Brief>
Reproduce exactly the first line of the material below and every line after it, ending with the line that contains "뮤직타임 [기사] 샬롬노래선교단 ‘쏠티와 함께’ 한국공연(한국성결신문)". No pictures should be copied.

Information shown Block Start

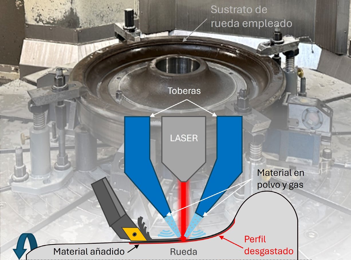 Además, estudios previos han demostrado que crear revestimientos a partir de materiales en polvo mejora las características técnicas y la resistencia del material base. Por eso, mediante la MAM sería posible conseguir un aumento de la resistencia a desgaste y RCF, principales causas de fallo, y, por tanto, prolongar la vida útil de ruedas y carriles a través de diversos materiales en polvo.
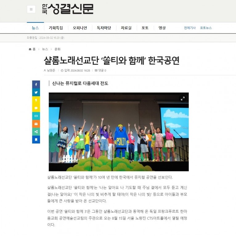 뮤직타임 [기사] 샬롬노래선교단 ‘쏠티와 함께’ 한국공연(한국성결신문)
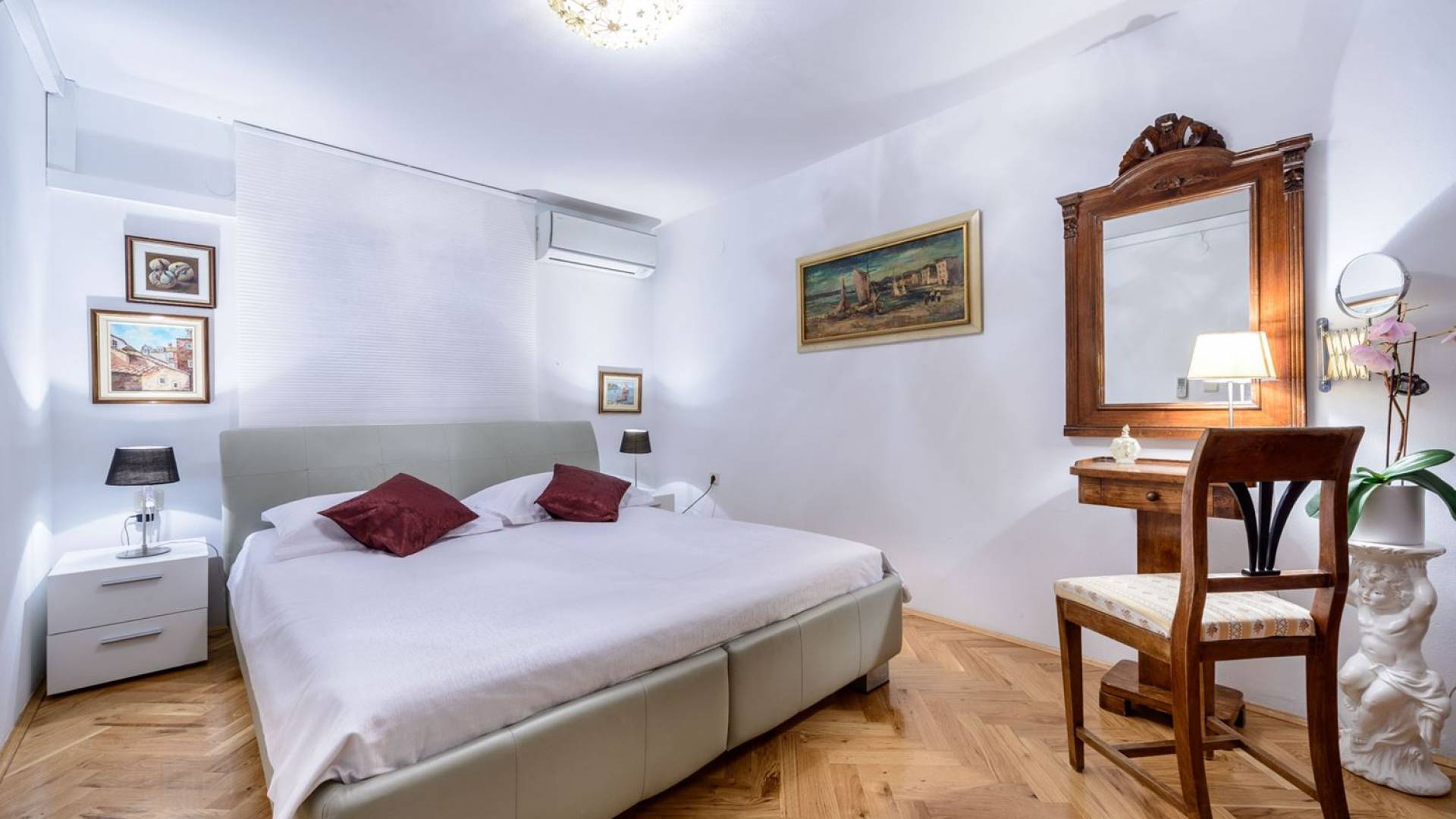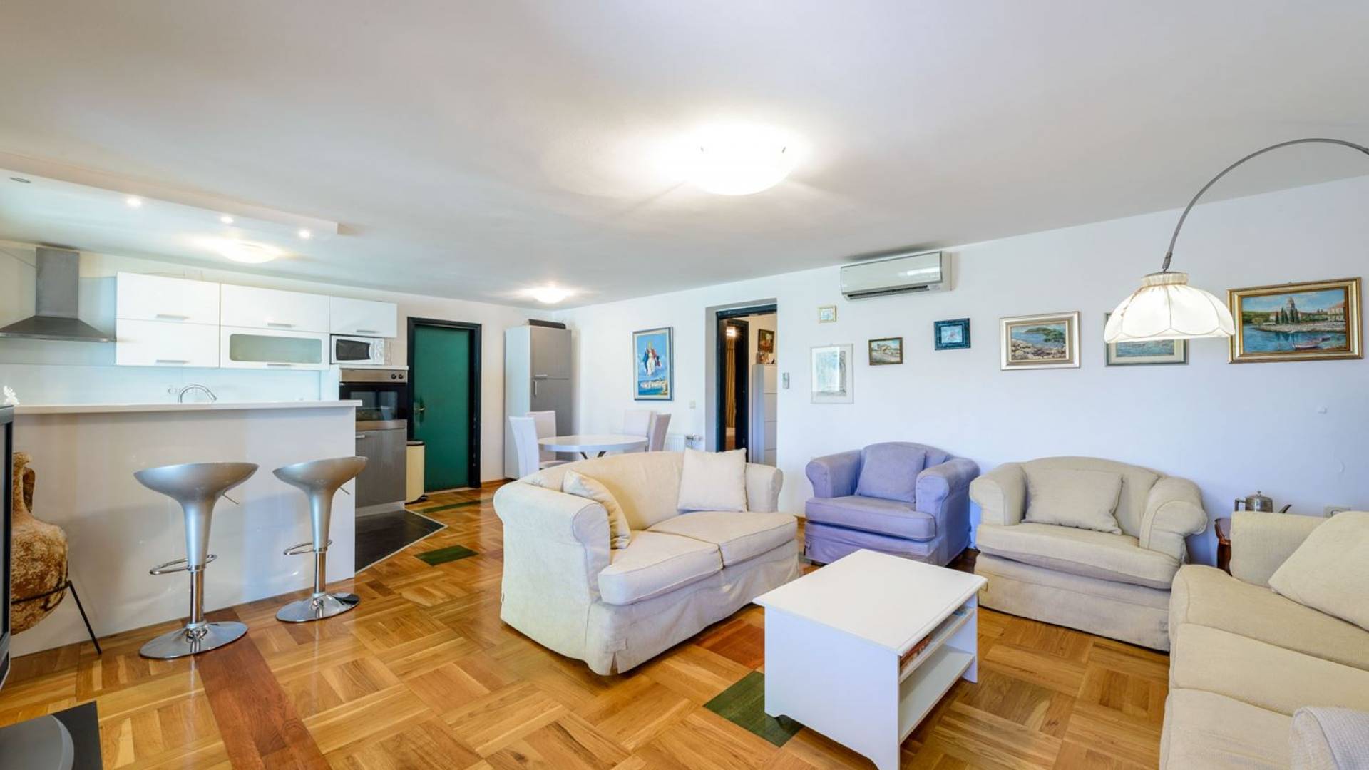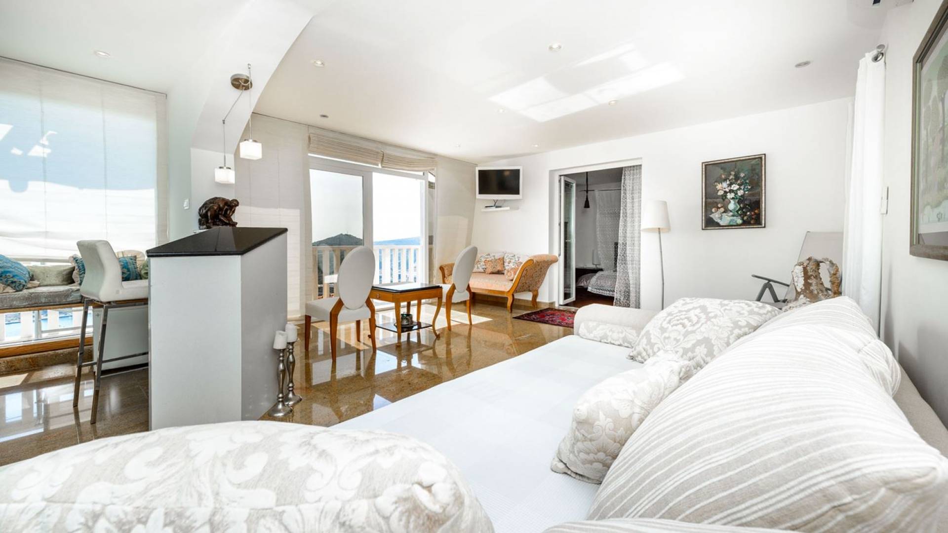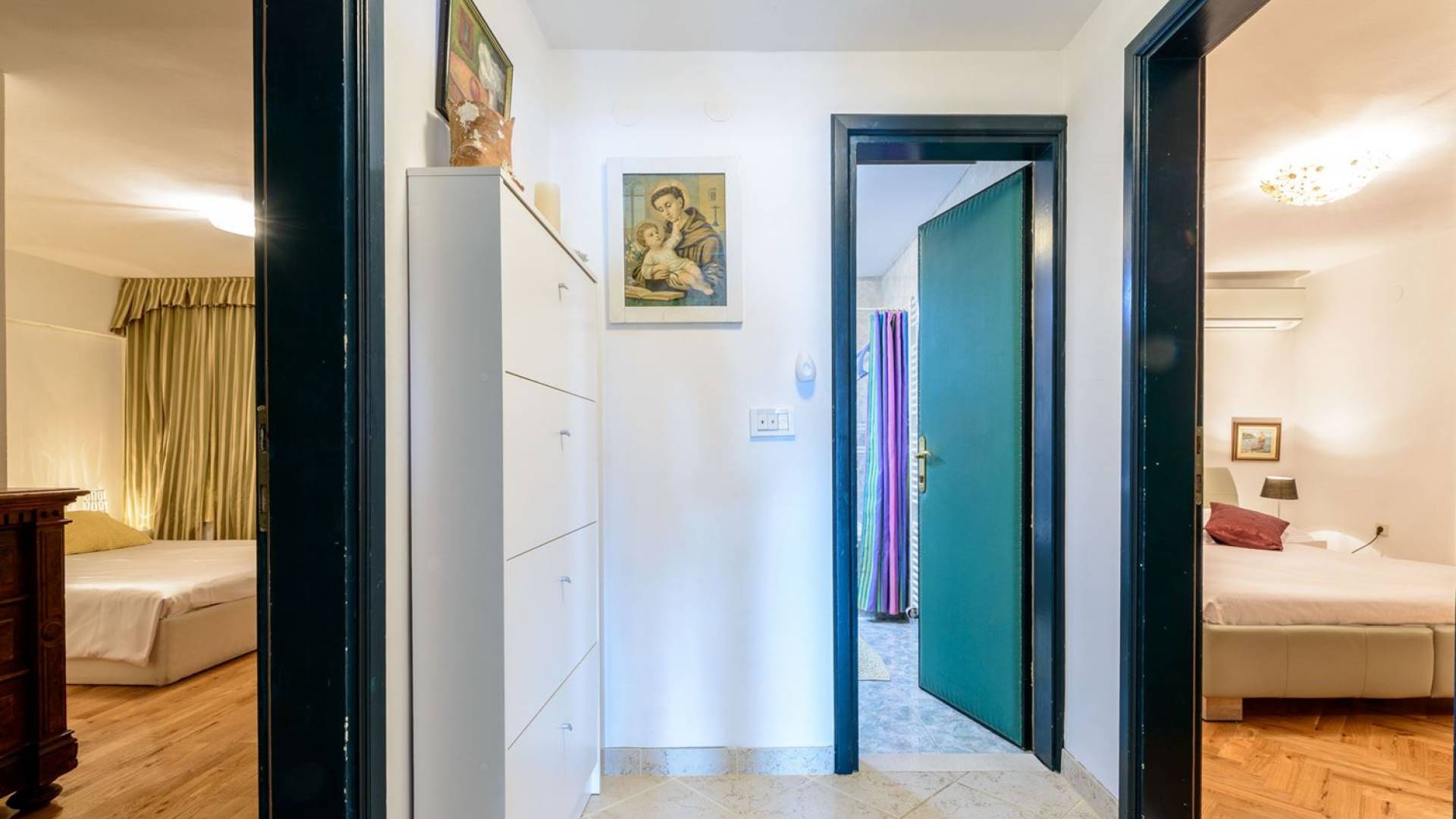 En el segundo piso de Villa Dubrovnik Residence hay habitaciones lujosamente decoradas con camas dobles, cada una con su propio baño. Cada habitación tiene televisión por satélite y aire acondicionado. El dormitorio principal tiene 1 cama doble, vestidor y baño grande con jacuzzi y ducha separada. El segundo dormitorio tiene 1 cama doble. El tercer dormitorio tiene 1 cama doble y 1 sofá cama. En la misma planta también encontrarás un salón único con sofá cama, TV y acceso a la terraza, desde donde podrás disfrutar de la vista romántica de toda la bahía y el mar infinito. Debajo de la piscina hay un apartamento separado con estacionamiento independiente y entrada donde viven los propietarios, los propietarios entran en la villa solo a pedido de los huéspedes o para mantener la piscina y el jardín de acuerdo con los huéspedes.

Information shown Block End

Answer section>
 Además, estudios previos han demostrado que crear revestimientos a partir de materiales en polvo mejora las características técnicas y la resistencia del material base. Por eso, mediante la MAM sería posible conseguir un aumento de la resistencia a desgaste y RCF, principales causas de fallo, y, por tanto, prolongar la vida útil de ruedas y carriles a través de diversos materiales en polvo.
 뮤직타임 [기사] 샬롬노래선교단 ‘쏠티와 함께’ 한국공연(한국성결신문)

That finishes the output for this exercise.